As an unrealistic attack we use the PGD implementation of ART library.
For the realistic attack we use the FENCE attack by Chernikova et al. Our implementation in this repo includes updates from TensorFlow 1 to TensorFlow 2, code refactoring and as well as bug fixes. However you can access the original repository by authors here if needed.

If you need to do feature engineering for new datasets not included in this repo check the tool from Talha Ongun.

3. Malware detection

We use 3 attacks: PGD and MoEvA2 (unrealistic) and AIMED (realistic).

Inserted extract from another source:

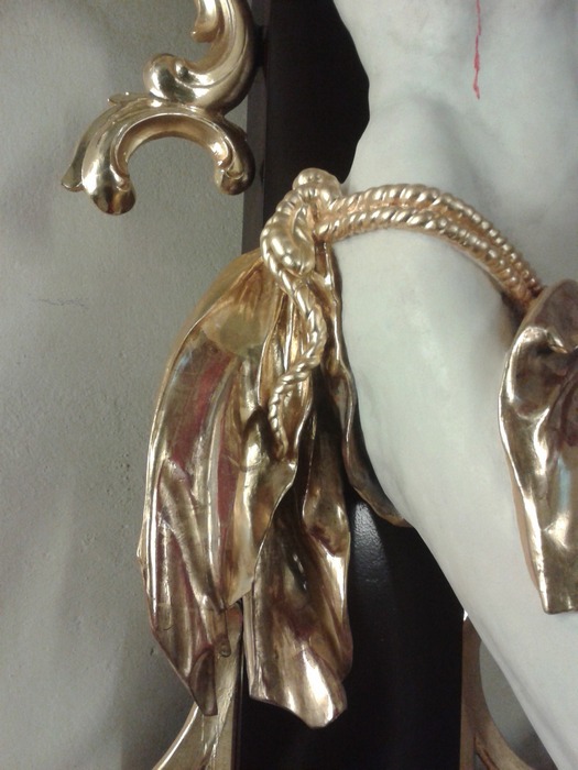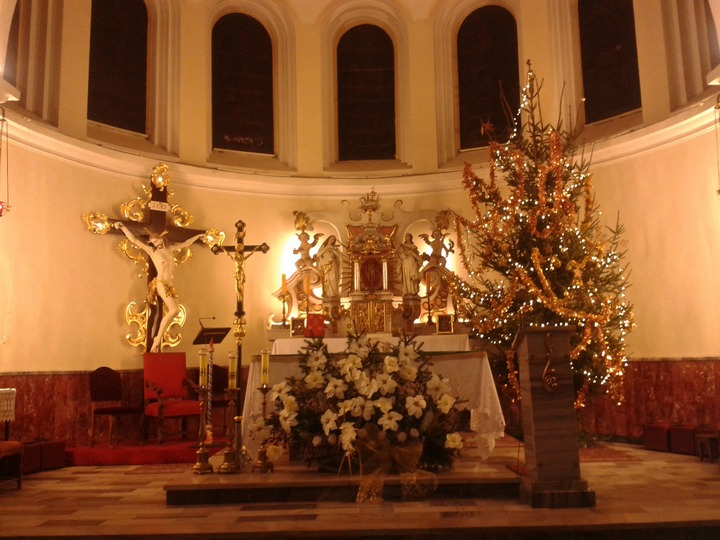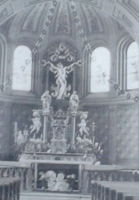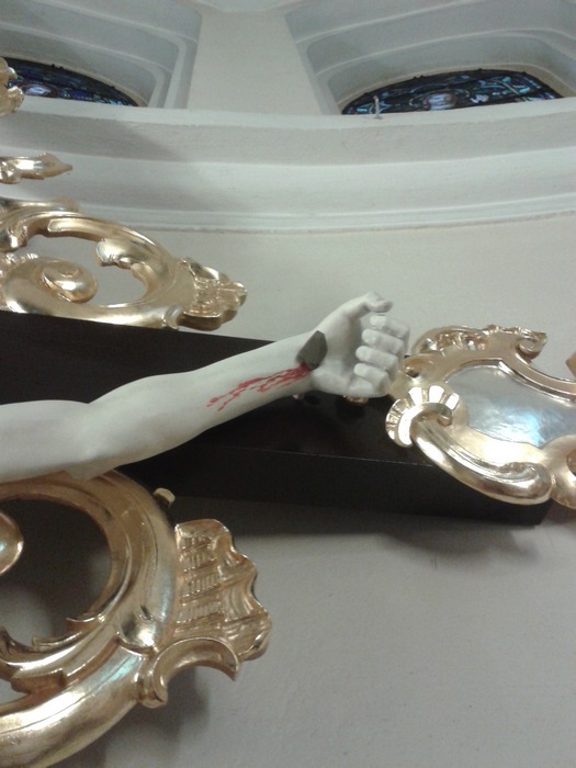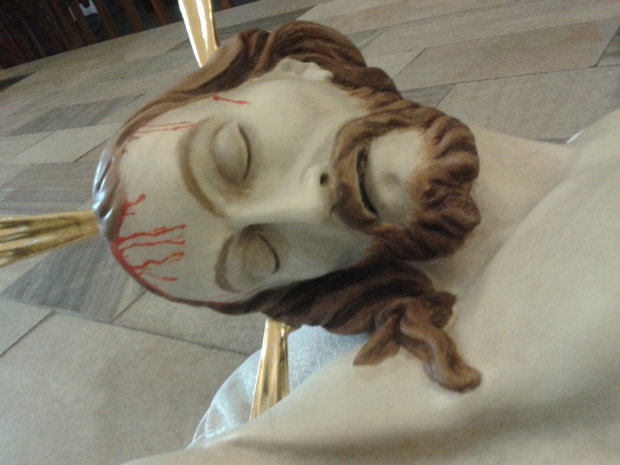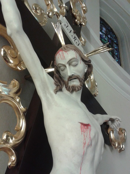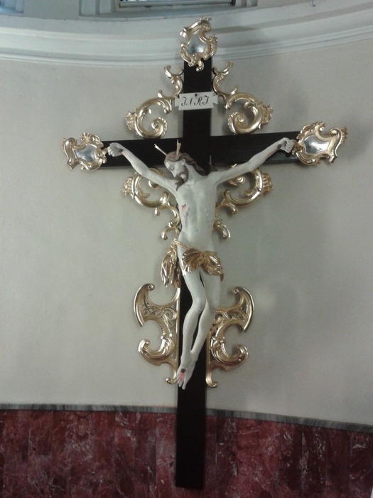 Tak wygląda krzyż po renowacji. Na czas renowacji ołtarza głównego został umieszczony na ścianie prebiterium, ale wróci na swoje miejsce w ołtarzu głównym wg zamierzeń budowniczych kościoła.

Again for PGD we use the ART implementation.
For MoEvA2 we use and include in this repo an early version called Coeva2. If you are interested, the latest release by the authors can be found here.
For AIMED we use and include in this repo a lighter version with only the necessary functionalities needed for this study. For the full code and functionalities check the authors original version in here

Accessing data for individual use cases

Follow the links to get general malware data, pgd_data, moeva2 data, AIMED data. You can download and place them in their respective folders.

We have received the original Windows PE files from the authors of When Malware is Packin’ Heat; Limits of Machine Learning Classifiers Based on Static Analysis Features.